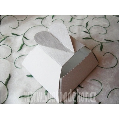 Bílá perleťová krabička ve tvaru kapsičky s krásným vytlačeným ornamentem. Krabičku naplněnou svatebními mandlemi, čokoládovými srdíčky, různými sladkostmi nebo malým...
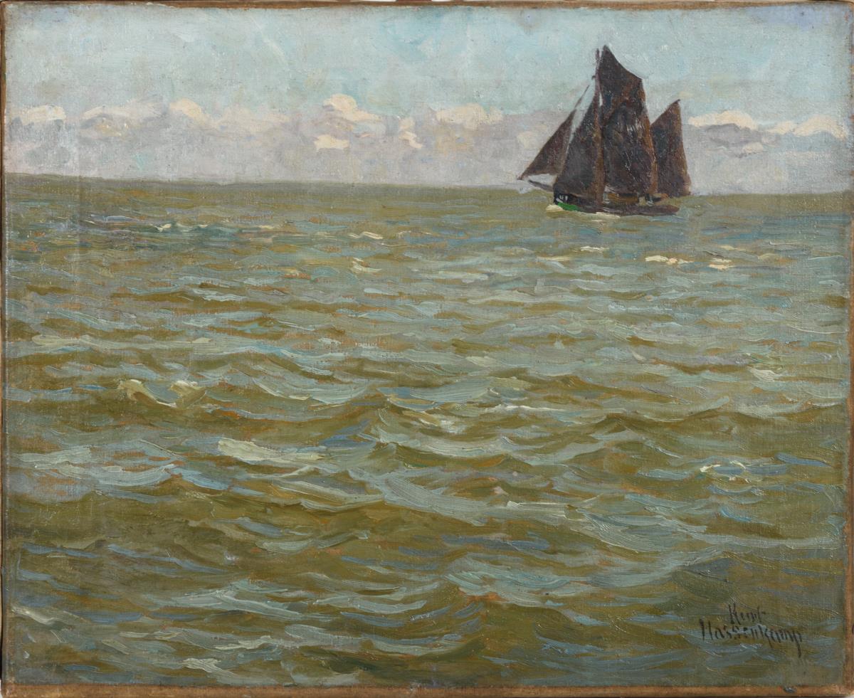 Rechts unten signiert, verso undeutlich "... in der Ostsee" betitelt.
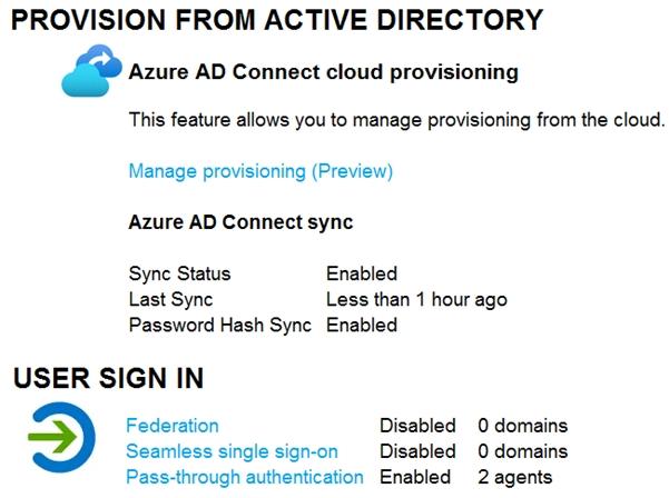 Azure AD Connect is configured in Azure AD as shown in the following exhibit.
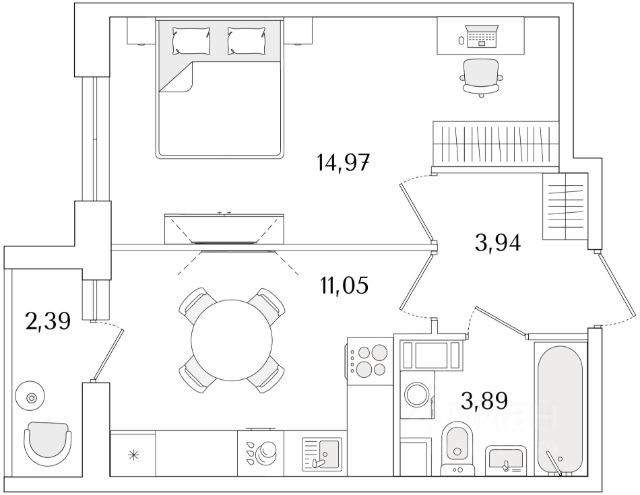 В продаже также есть большая кладовка в цокольном этаже, площадью 5,52 м, с тремя кирпичными стенами.

• [REQUIREMENT] Would you give the data above again word for word, minus the pictures?

• [EXERCISE ANSWER]
 Bílá perleťová krabička ve tvaru kapsičky s krásným vytlačeným ornamentem. Krabičku naplněnou svatebními mandlemi, čokoládovými srdíčky, různými sladkostmi nebo malým...
 Rechts unten signiert, verso undeutlich "... in der Ostsee" betitelt.
 Azure AD Connect is configured in Azure AD as shown in the following exhibit.
 В продаже также есть большая кладовка в цокольном этаже, площадью 5,52 м, с тремя кирпичными стенами.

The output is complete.